Клей не мог сказать в точности, что именно рассмешило Блэза; возможно, роль детонатора сыграла «потрясная штучка». Так или иначе, Блэз расхохотался. Это был не его обычный нарочито оглушительный смех, от которого людям становилось не по себе, а неподдельно веселый, заражающий своей непосредственностью. Инид потеряла дар речи. Она хватала руками воздух, словно ловила невидимые бутылки кока-колы. Капитан не знал, что и подумать.

— Боюсь, я не понял вас, сэр.

— Ничего, ничего. — Блэз приложил короткий, словно обрубленный палец к глазу, снимая прозрачную, как алмаз, слезу. — Я его уволил, только и всего. Человека, который это написал.

— На каком основании, сэр?

— Основании? — Знакомо грозное, нахмуренное выражение расползлось по лицу Блэза, глубокими морщинами залегло между бровями, которым следовало бы топорщиться, а не быть словно подмазанными дерзкими черными мазочками, как у Инид. — Мы союзники с Советами.

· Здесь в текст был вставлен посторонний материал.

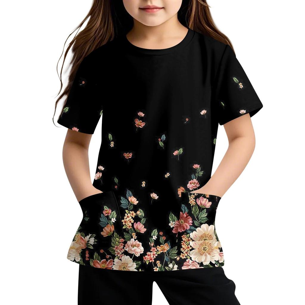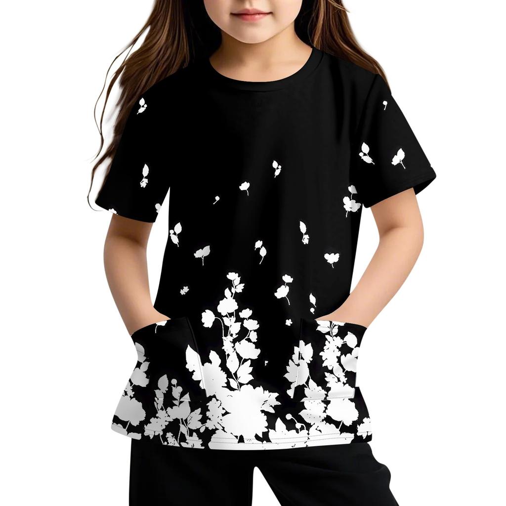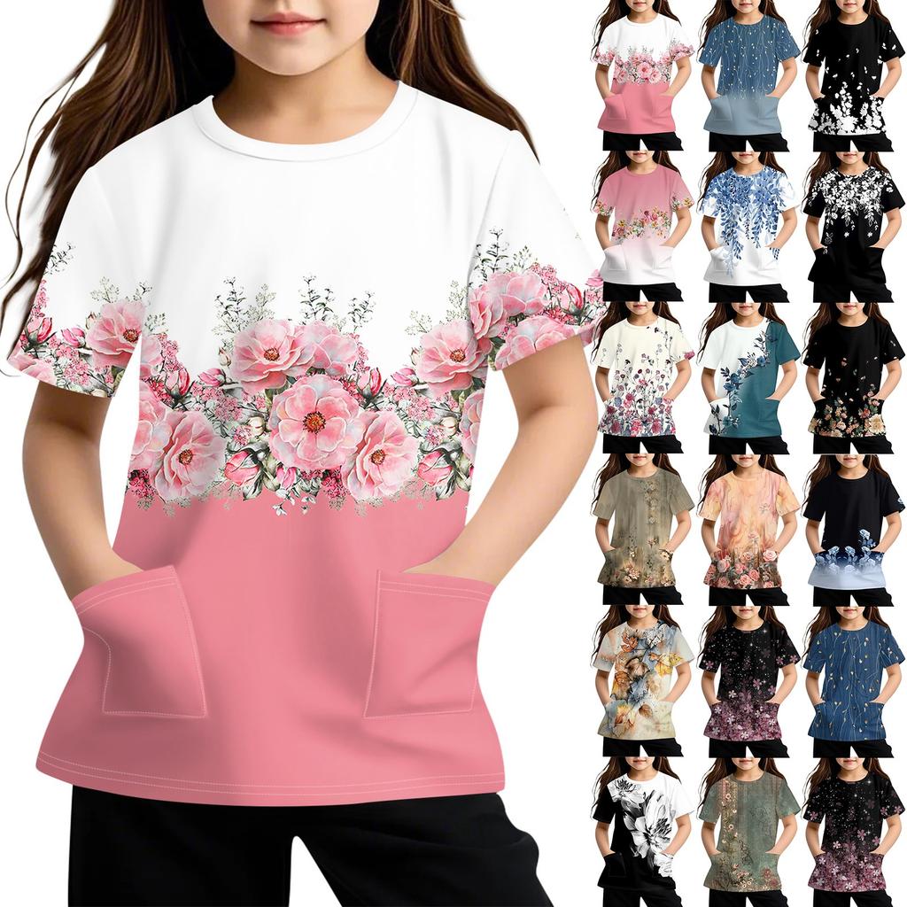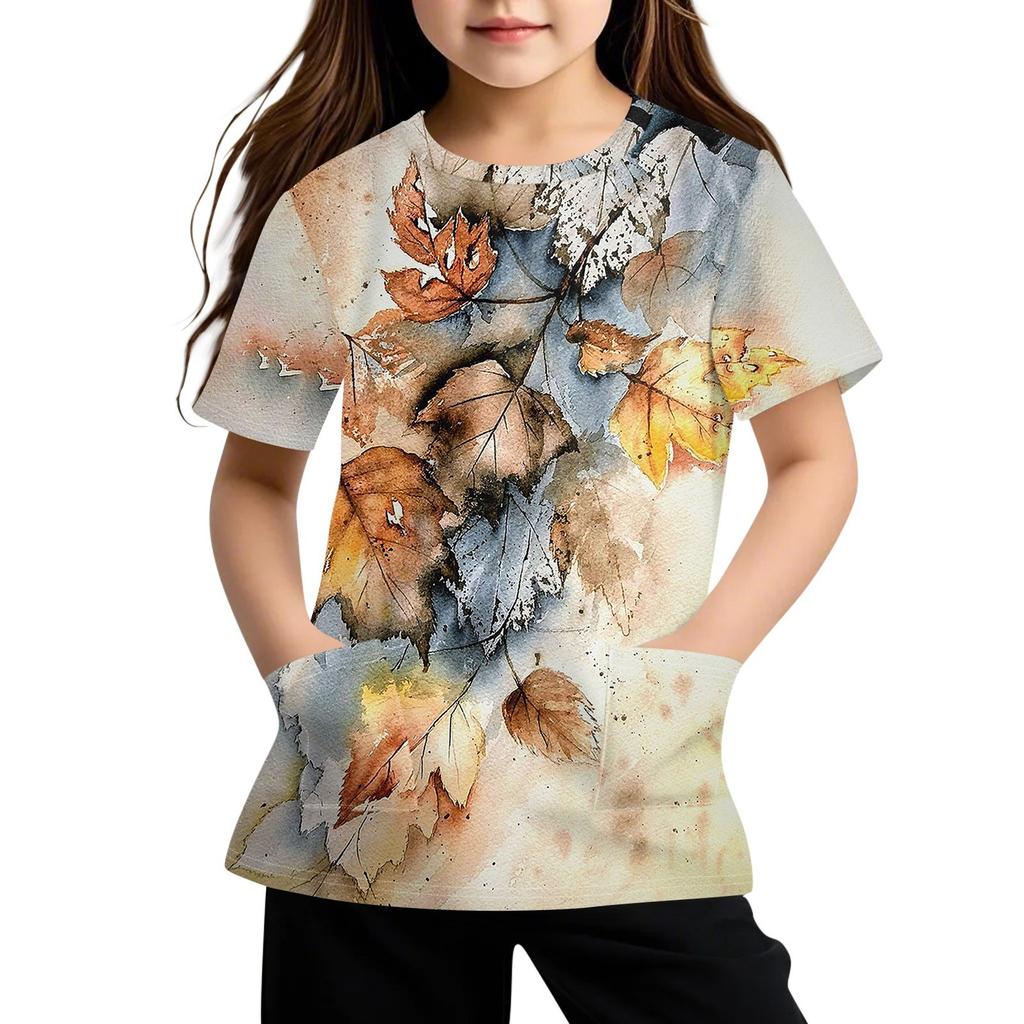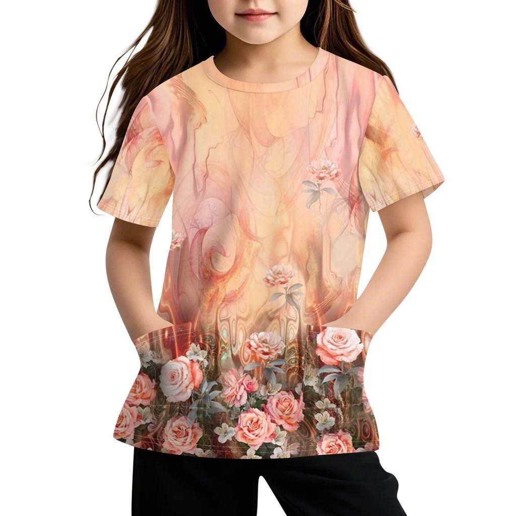 Детская футболка с короткими рукавами и карманами, повседневная футболка с принтом, круглый вырез, блузка-пуловер

Они нужны нам для войны с японцами. Мы не должны им вредить. Сейчас еще рано говорить о сдерживании коммунизма.

— Говорить об этом никогда не рано. — Капитан был мрачен, словно туча. Его голос дрожал от идейного накала и недомыслия.

— Возможно, что так — во флоте. — Блэз указал на его форму с таким видом, словно не видел разницы между нею и формой билетерши в кино.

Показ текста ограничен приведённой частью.